:: WHAT THE EXERCISE ASKS ::
Please repeat the records word for word and skip the pictures.

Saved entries
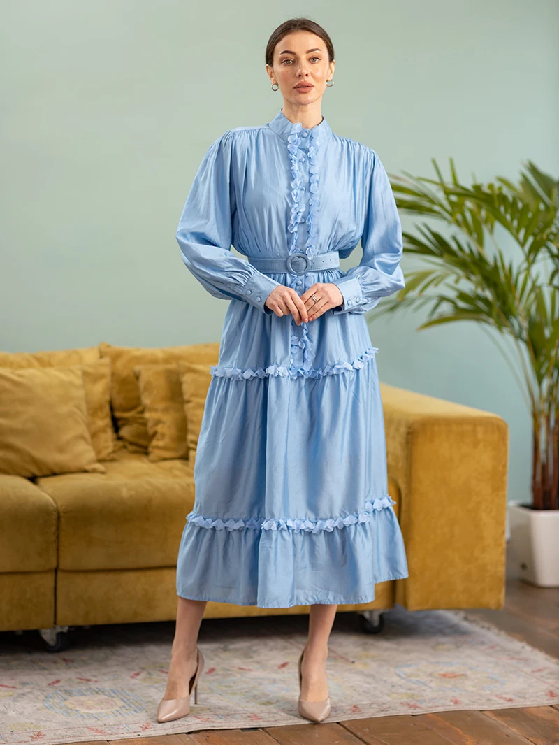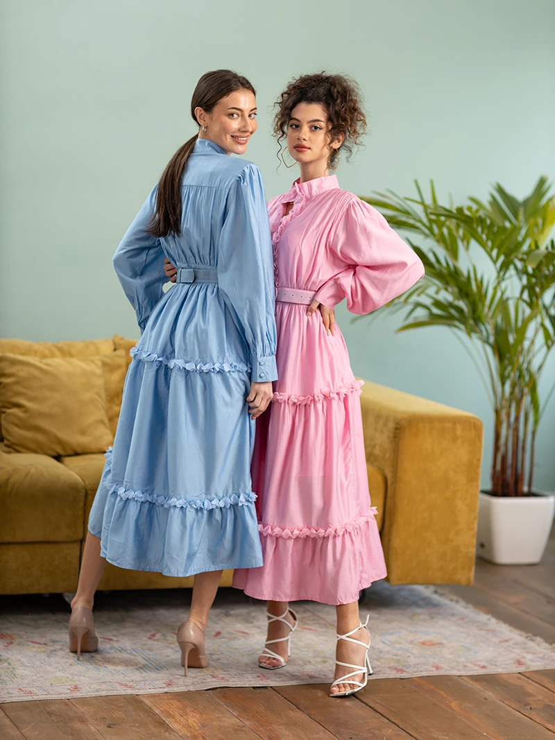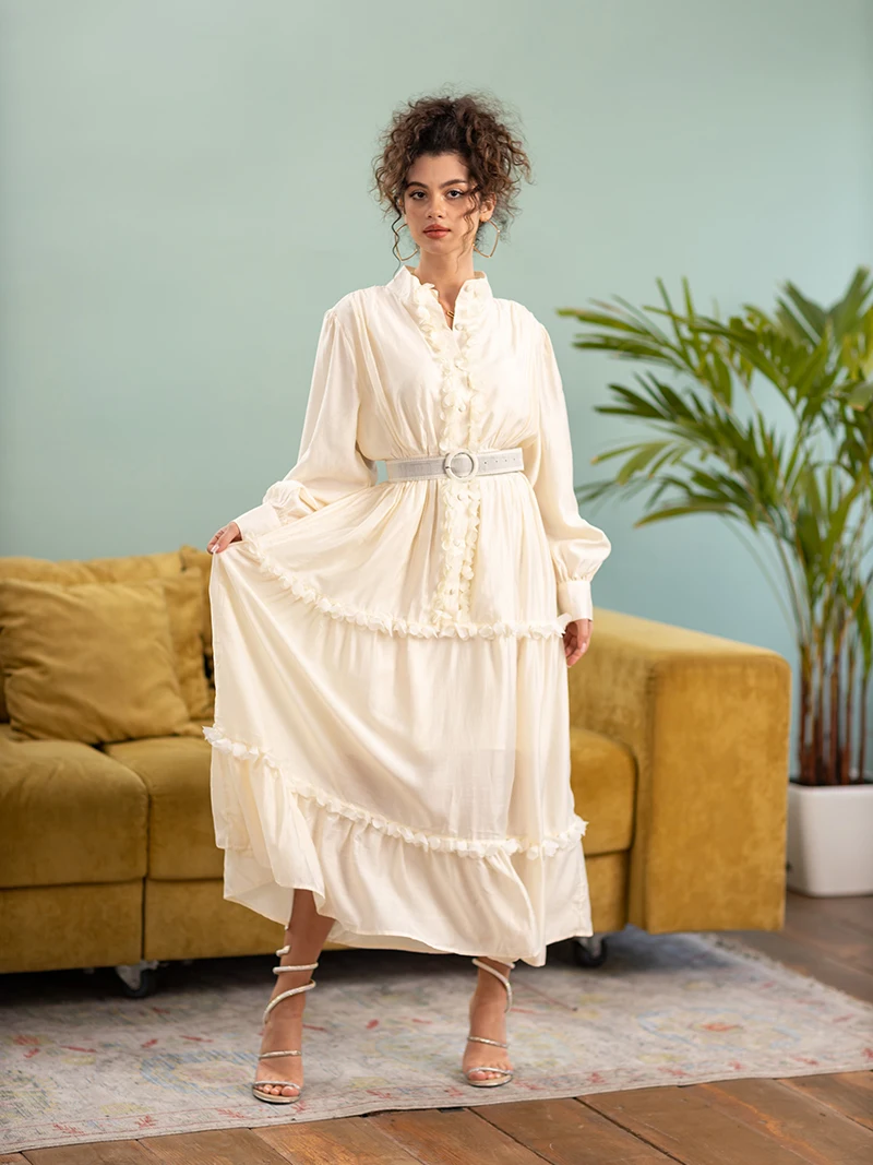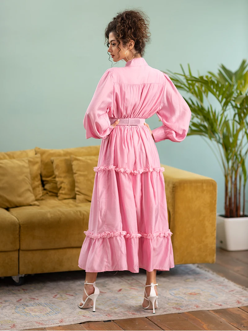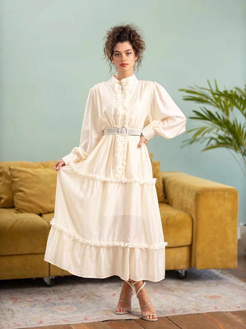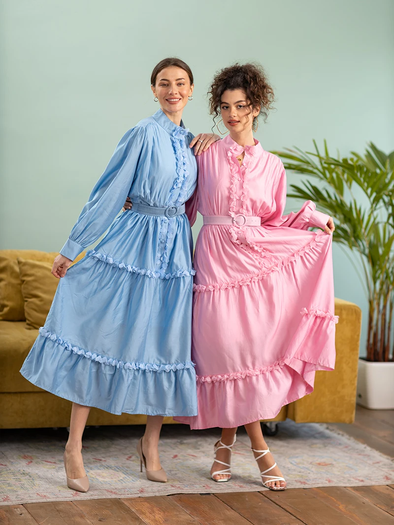 Elegant Ladies Women Long Pleated Evening Dress White Pink Blue Green Chiffon Long Sleeve Summer Dress with Belt For Women
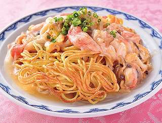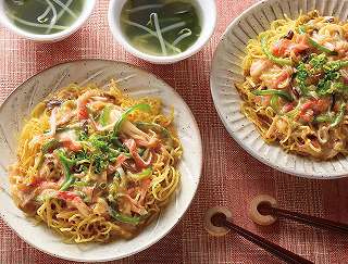 材料:中華麺、しょうゆ、油、たこ入シーフードミックス、ミニトマト、カレー粉、水溶き片栗粉、カニかま(ほぐす)、にら(小口切)、水溶き片栗粉、たこ入シーフードミックス、白ねぎ(斜め切)、水溶き片栗粉、溶き卵
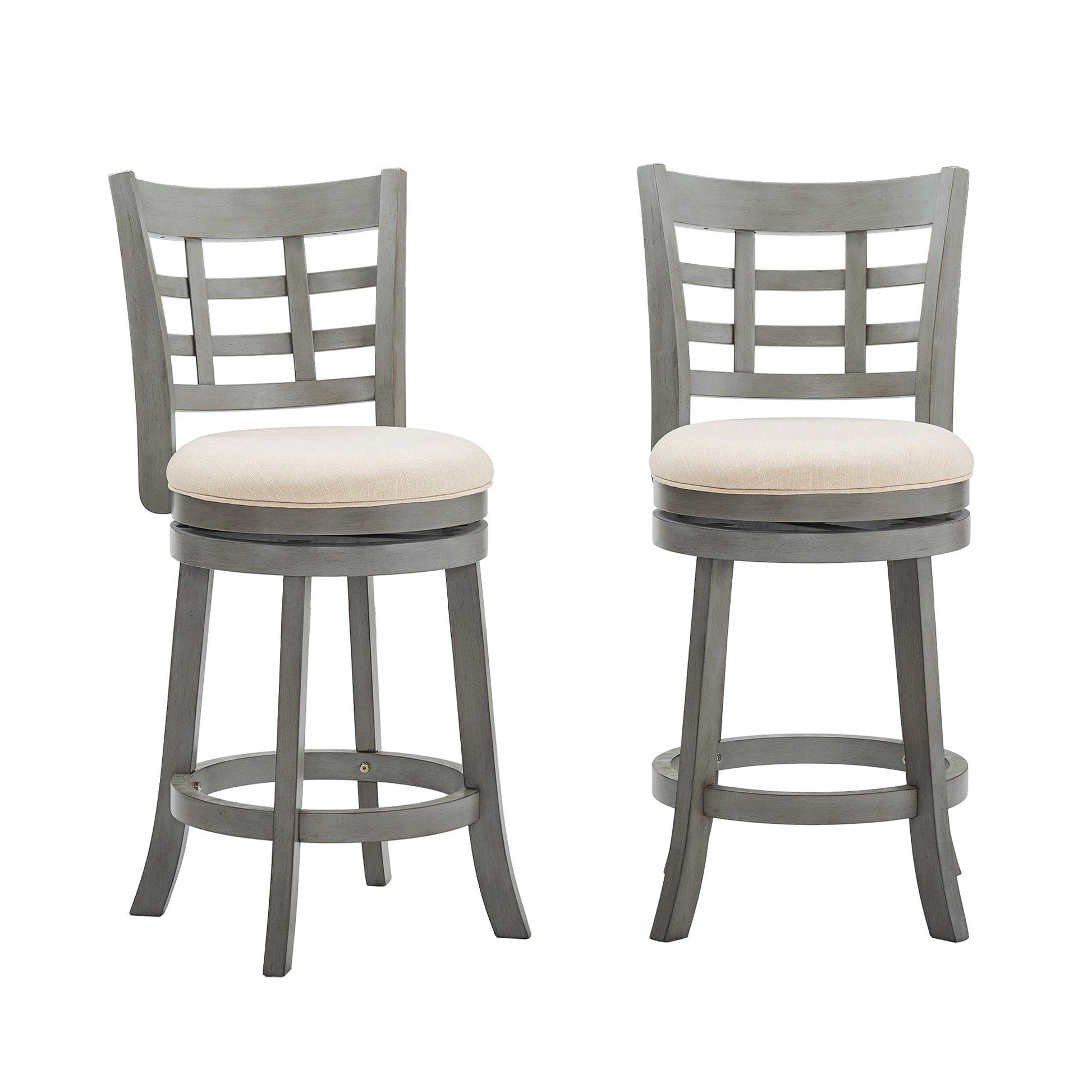 Constructed of durable rubberwood, this Panel Back Swivel Stool displays a beautiful, classic style and offers comfortable support for everyday dining. A rich wood finish completes the chair's frame, while a footrest and upholstered seat provide improved comfort for daily use. The swivel function of this stool provides advanced mobility and makes it easy to have a casual conversation with friends and family during mealtime. The curved back design adds additional support, so you can look forward to sitting in this seat.
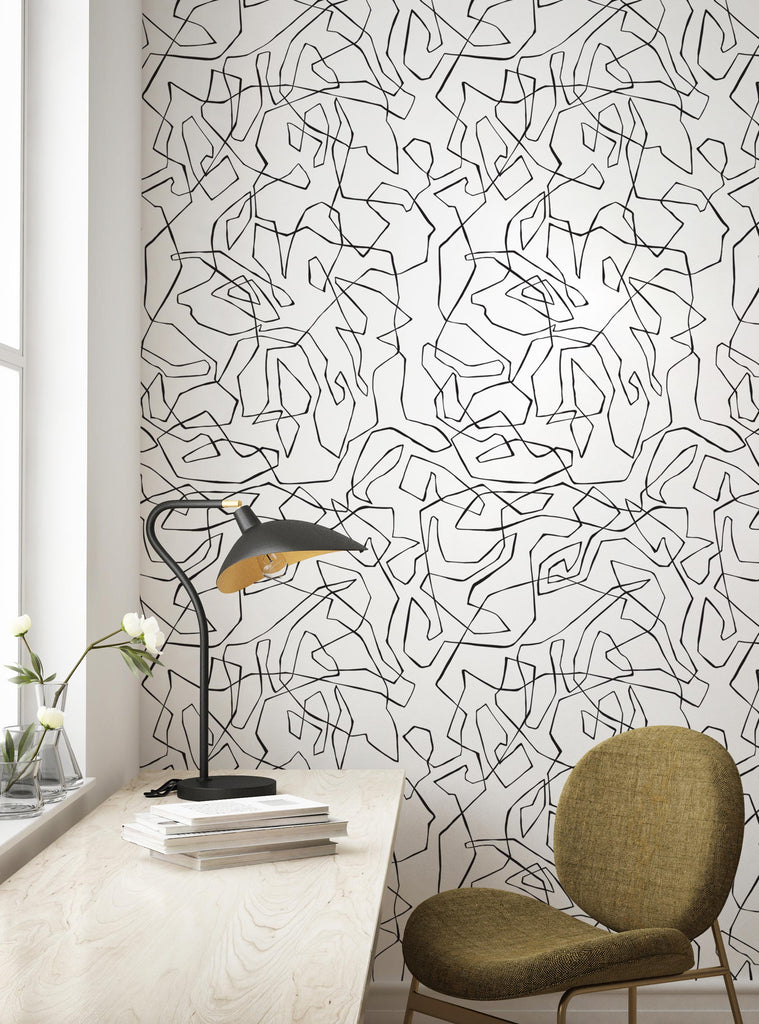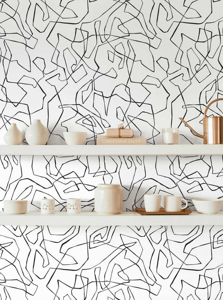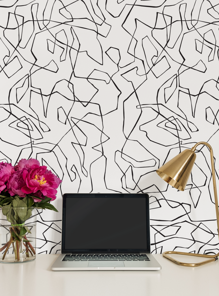 Give your walls a contemporary and luxurious look with this stunning Entangled Lines Abstract Wallpaper from Simple Shapes. It's bold, but casual design will make for a beautiful accent in any room. Simple Shapes wallpaper is proudly designed and made in the USA! Our wallpaper is ideal for DIY room makeovers.
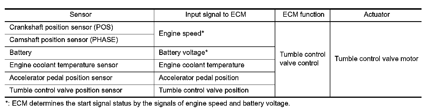 Also, except when idling and during low engine coolant temperature, this system opens the tumble control valve.
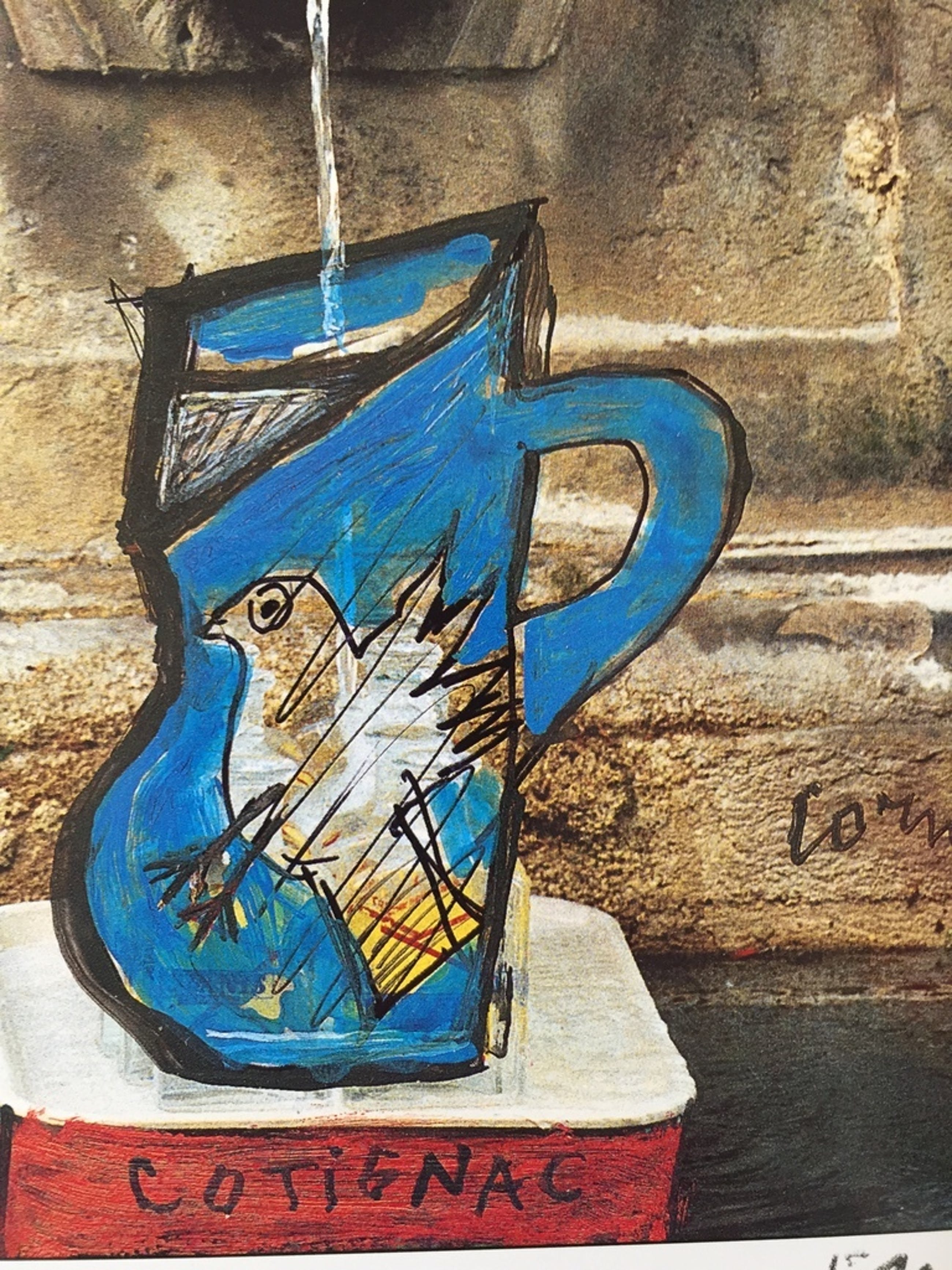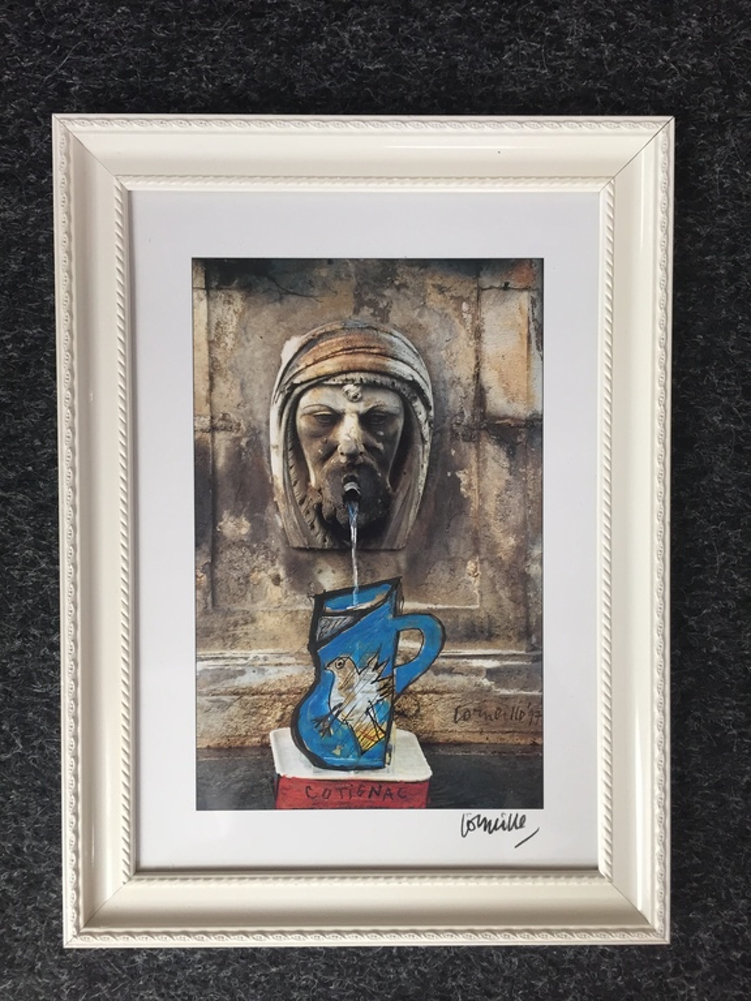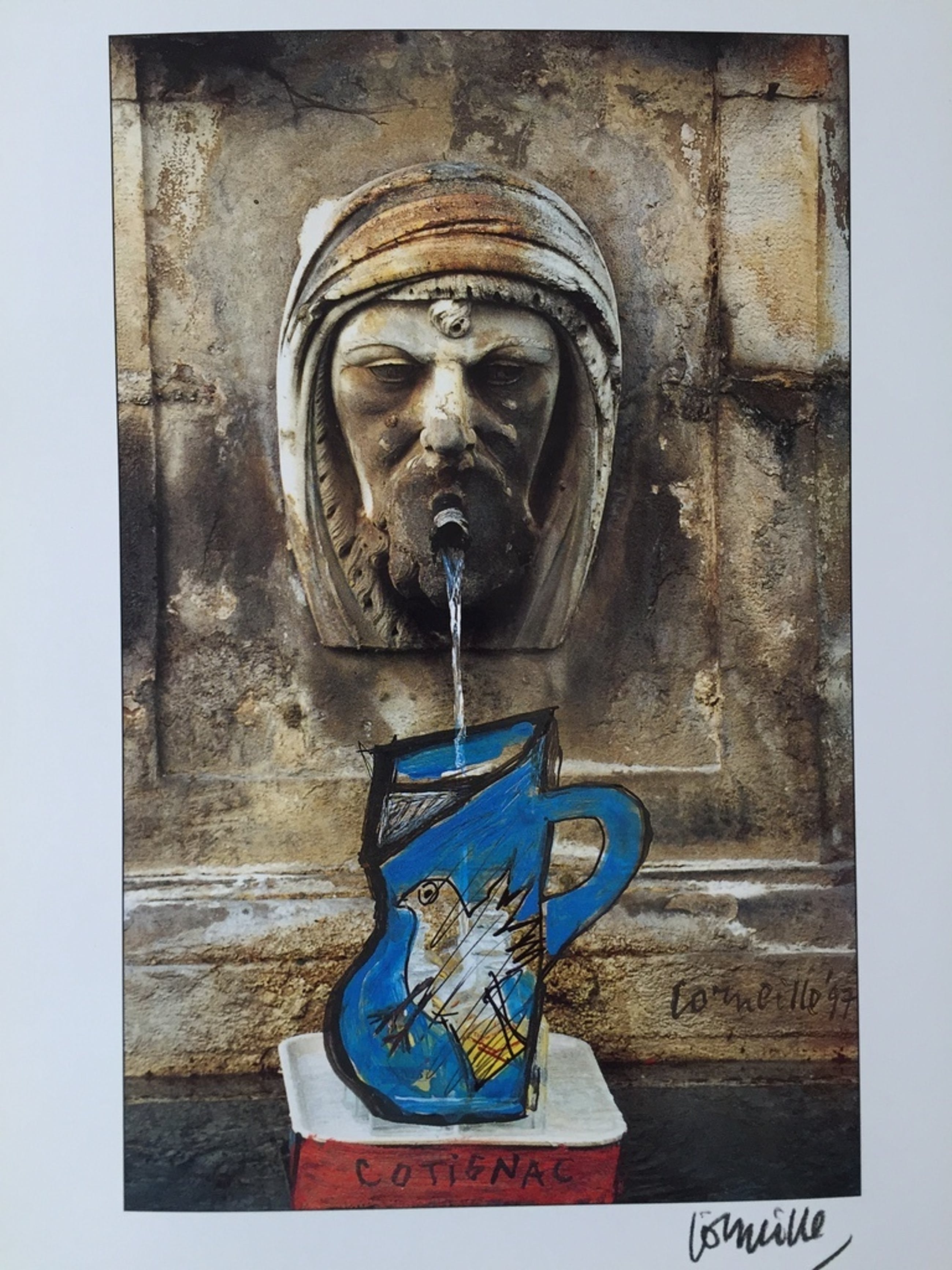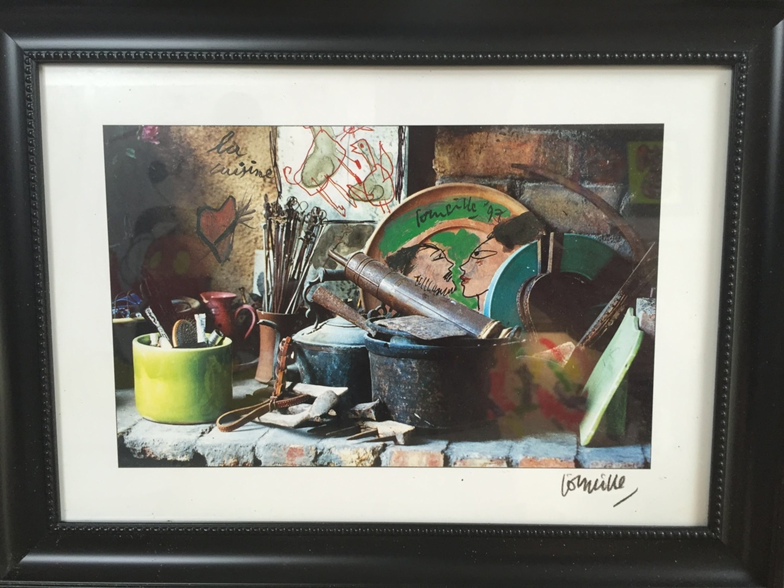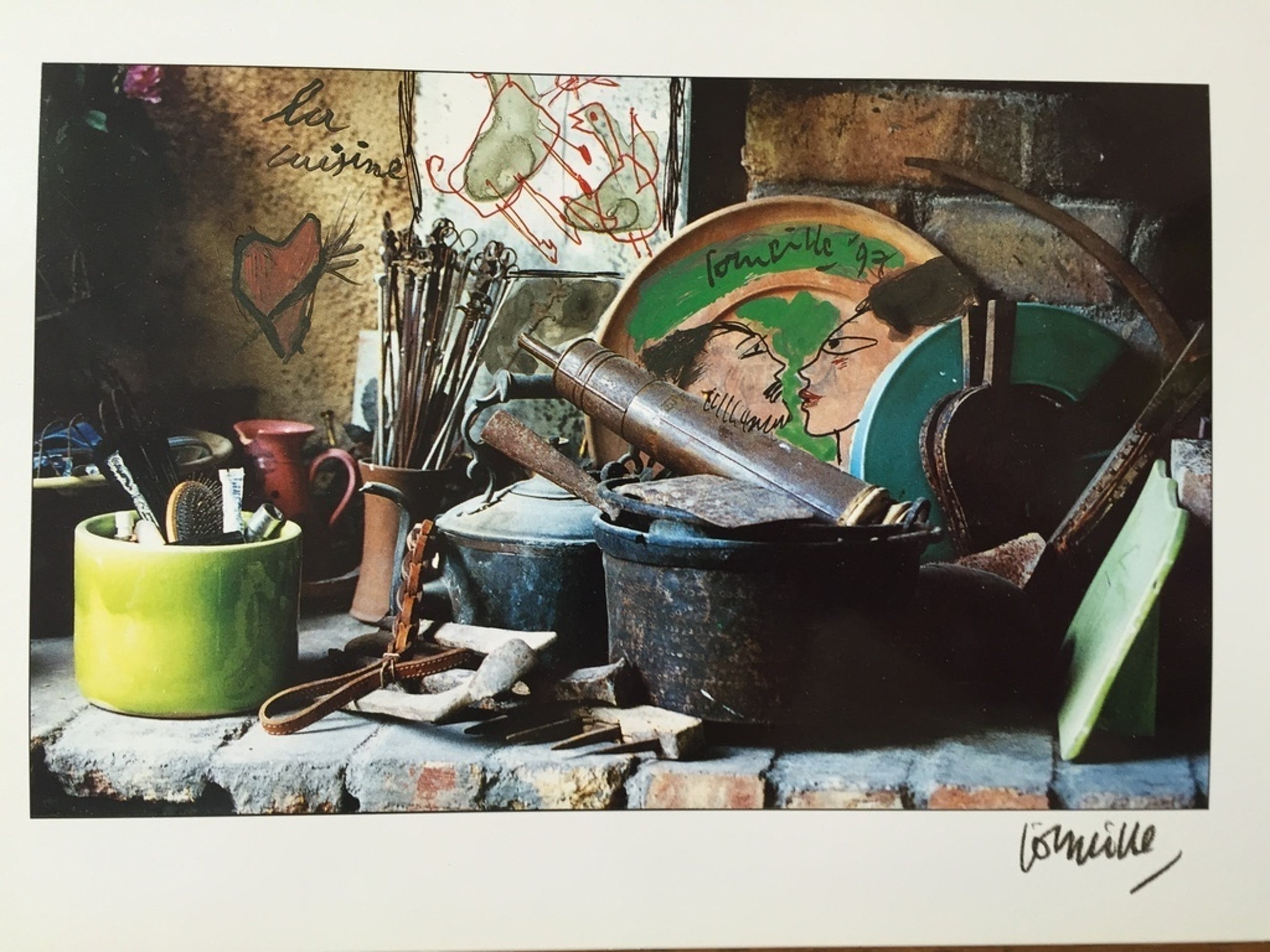 Nico Koster heeft de foto gemaakt, Corneille heeft deze vervolgens ingekleurd. Dit is een reproductie waarbij de handtekening is meegedrukt. E.e.a. t.b.v. een kookcursus in de provence, ca 20 jaar geleden. De foto's zijn gemaakt in Contignac.

:: YOUR SOLUTION ::
 Elegant Ladies Women Long Pleated Evening Dress White Pink Blue Green Chiffon Long Sleeve Summer Dress with Belt For Women
 材料:中華麺、しょうゆ、油、たこ入シーフードミックス、ミニトマト、カレー粉、水溶き片栗粉、カニかま(ほぐす)、にら(小口切)、水溶き片栗粉、たこ入シーフードミックス、白ねぎ(斜め切)、水溶き片栗粉、溶き卵
 Constructed of durable rubberwood, this Panel Back Swivel Stool displays a beautiful, classic style and offers comfortable support for everyday dining. A rich wood finish completes the chair's frame, while a footrest and upholstered seat provide improved comfort for daily use. The swivel function of this stool provides advanced mobility and makes it easy to have a casual conversation with friends and family during mealtime. The curved back design adds additional support, so you can look forward to sitting in this seat.
 Give your walls a contemporary and luxurious look with this stunning Entangled Lines Abstract Wallpaper from Simple Shapes. It's bold, but casual design will make for a beautiful accent in any room. Simple Shapes wallpaper is proudly designed and made in the USA! Our wallpaper is ideal for DIY room makeovers.
 Also, except when idling and during low engine coolant temperature, this system opens the tumble control valve.
 Nico Koster heeft de foto gemaakt, Corneille heeft deze vervolgens ingekleurd. Dit is een reproductie waarbij de handtekening is meegedrukt. E.e.a. t.b.v. een kookcursus in de provence, ca 20 jaar geleden. De foto's zijn gemaakt in Contignac.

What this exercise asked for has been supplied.